Collection musée Nicéphore Niépce – Chalon sur Saône
En 1874, il fait breveter le “Mélanochromoscope”, un appareil équipé d’un seul objectif et de miroirs semi-transparents, permettant d’exposer simultanément à travers trois filtres, bleu, vert et rouge, trois plaques noires & blanches différentes, de format 35x35mm. Pour visionner ces photographies en couleur on se sert du même appareil qui permet de superposer visuellement trois positifs obtenus à partir de ces négatifs et mis en couleurs dans leur teinte respective par les verres colorés de l’appareil.
DUCOS DU HAURON travailla aussi sur l’impression des couleurs, les images stéréoscopiques et même les anaglyphes. Malheureusement il ne rencontra jamais le succès et mourut dans la misère.
LA COULEUR
L’œil humain comporte trois types de récepteurs (cônes) correspondant à trois longueurs d’ondes différentes donnant chacune la sensation de rouge, de vert et de bleu.

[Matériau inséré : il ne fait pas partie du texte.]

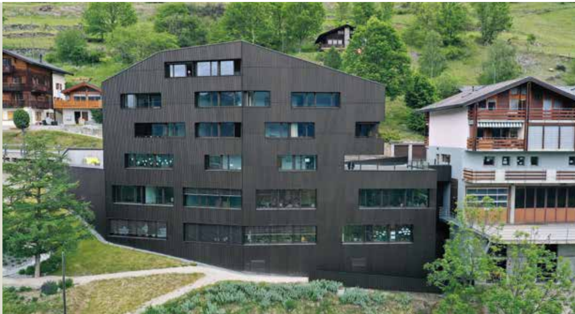
Seit Saint-Martin ein Mehrgenerationenhaus hat, steigt die Einwohnerzahl.

L’usage de la couleur dans la représentation picturale est bien antérieure à la photographie, comme en témoigne toutes les œuvres laissées par nos ancêtres depuis la préhistoire. Cependant la couleur restera longtemps quelque chose d’assez mystérieux : « Les objets envoient des gerbes de lumière contenant des faisceaux diversement colorés… Il est à remarquer que, si l’on pouvait grouper en chimie des sels qui se fixent en précipités colorés de nuances correspondantes à celles des radiations émergentes, on obtiendrait la photographie polychrome ». La Science Populaire 1881.
Frontispice du livre de KIRCHER “Ars Magna Lucis et Umbrae” – 1646
En 1646, Athanasius KIRCHER (Voir PORTRAITS) publie un traité sur la lumière en relation dialectique avec l’obscurité “Ars magna Lucis et Umbrae” qui lui vaut d’avoir longtemps été considéré comme le premier à décrire une lanterne magique. Dans la préface, il décrit la lumière comme «l’authentique produit (rejeton) de la lumière et de l’ombre». La couleur est une «lumière ombrée» et «tout ce qui est visible dans le monde ne l’est que par une lumière ombreuse ou par une ombre lumineuse ».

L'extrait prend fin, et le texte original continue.